This week was unlike others mainly as the elections heated race took an end with Obama returning back to his presidential duty, which mounted hopes within the American public regarding a better future for the worlds leading economy as governmental aids and Obamas supportive administration will continue on pulling down gradually the country from a recession while that data released this week was cheerful as well.
In fact Obama won a second term as a U.S president, projecting accordingly under Obama reign to watch overall governmental aids and monetary continue on supporting the worlds leading economy throughout its current slowed down recovery.
The victory where the Democratic President won re-election for the second term, with 303 out of 270 electoral votes required to claim the White House, while his Republican Challenger has so far carried 203 electoral votes, only increased the probability that the past expansionary monetary and fiscal policy will only continue and even expand further
Not forgetting that till the last day the election race was truly tight as throughout the morning only the two challengers were still tying; reflecting accordingly the closest presidential elections in history with the first polling results of the day in New Hampshire’s Dixville Notch representing actually no change except of a tie.

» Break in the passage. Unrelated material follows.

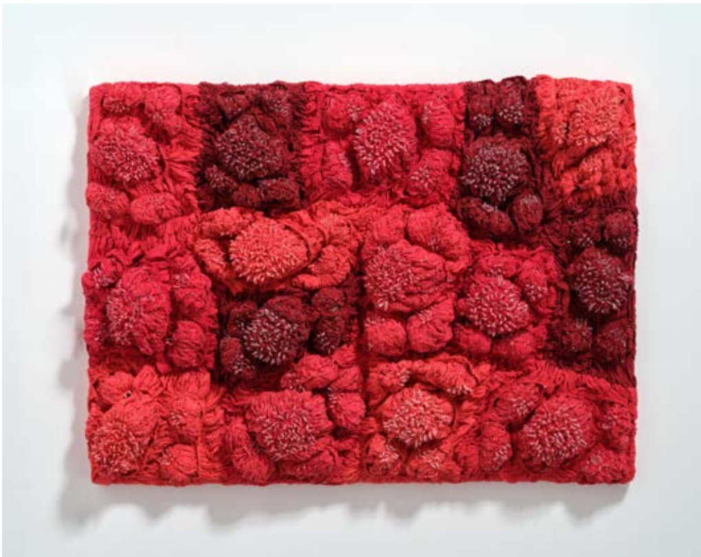
She's red body no.2 她的红色身体 2

Plant-dyed Cotton, Cotton Thread, Wood 植物染色棉, 棉线, 木

This could explain why this weeks US University of Michigan Confidence Preliminary reading rose cheerfully in November mainly as a result of the re-election of Obama where the index climbed up to 84.9; higher than the prior reading of 82.6 and above the projected reading of 83.0.
Furthermore this week we saw that the countrys trade gap narrowed actually to its lowest level in almost two years and beyond the market forecasts as exports climbed up to a record due mainly to a growing demand from emerging markets on U.S products and services.
If truth be told, the U.S trade deficit narrowed more than forecasted in September to having in fact the deficit low down to 41.5 billion; much lower than the market predictions of a 45.0 billion deficit and better than a prior revised deficit of 43.8 billion from a deficit of 44.2 billion.
In fact the deficit gap came in lower than projected yet it narrowed compared to the ongoing growing demand coming from emerging markets in South and Central America to accordingly overcome the past crucial slowdown in Europe and China that is constantly hurting the trading scene with the U.S and the whole world.
As a result exports rose significantly by 3.1 percent in September to 187 billion while that imports increased 1.5 percent to 228.5 billion from 225.2 billion in the prior month, explaining the current narrowed gap of the countrys trade deficit.
Now turning to the superpowers neighbor and major trading partner; Canada, it watched its trade deficit narrow as well to 0.83 billion from a prior revised deficit of 1.52 billion from 1.32 billion; much lower the market predicted deficit reading of 1.50 billion.
Having in mind that that the Canadian economy major strength is trading and therefore these current toughened and hardened global conditions creates constantly downside pressures on the countrys trading although the deficit barrowed and growth remains spotted clearly and its revival pace is at a faster pace than the United States one.